Dziś zielonkawa kamieniczka wyróżnia się jedynie wysokością. Niegdyś była jedną z najbogatszych w jeleniogórskim Rynku. – Była nie tylko najwyższa (cztery kondygnacje), lecz także miała piękną rokokową kamieniarkę okienną. Została wybudowana w XVIII wieku przez zamożną rodzinę kupiecką Menztlów – wspomina Ivo Łaborewicz, kierownik oddziału jeleniogórskiego Archiwum Państwowego. Grobowiec rodzinny Mentzlów przetrwał do dziś przy Kościele Łaski pod Krzyżem Chrystusa.

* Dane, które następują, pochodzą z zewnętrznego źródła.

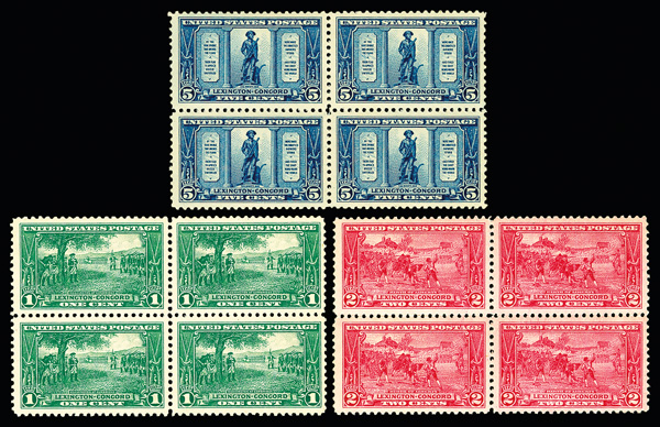 5229 nhbl 617-619 image1925, Lexington-Concord complete (Scott 617-619), set of 3, block of 4, Wonderfully bright tone, o.g., never hinged, Very Fine.

W kamienicy od około połowy XIX wieku przez około sto lat działała gospoda „Golden Schwert” (Złoty Miecz). Lokal gastronomiczny był tu jeszcze po 1945 roku. Później budynek podupadł i w latach 60. XX wieku – w ramach ogólnego planu „modernizacji” starówki – został rozebrany i zrekonstruowany od podstaw. Niestety, z pominięciem wszelkiego detalu, który istnieje do dziś zrzucony w lapidarium w Bolkowie. Dom zatracił nie tylko historyczną rangę, lecz także i funkcję.
Na początku lat 90. XX wieku został odmalowany na zielonkawy kolor, ale jakość farby nie zagwarantowała trwałości. Od pewnego czasu – podobnie jak większość kamienic w Rynku – ta „Pod Złotym Mieczem” aż prosiła się o renowację. W minioną środę rozpoczęto montaż rusztowań, który zakończył się wczoraj. Nowa elewacja będzie, ale na pełny powrót do dawnej formy trudno liczyć. Wbudowanie detali wymagałoby prac zakrojonych na szeroką skalę. Tak czy owak, z pewnością odnowiona kamieniczka doda uroku dawnym Podcieniom Przędzarzy.
Przy okazji takich inwestycji marzy się zamontowanie tabliczek informujących o dawnym nazewnictwie poszczególnych arkad. Warto by może zadbać też o ekspozycję fotografii sprzed lat, na których uwieczniono imponujący wygląd budynków sprzed rekonstrukcji w latach 60. i 70. XX wieku.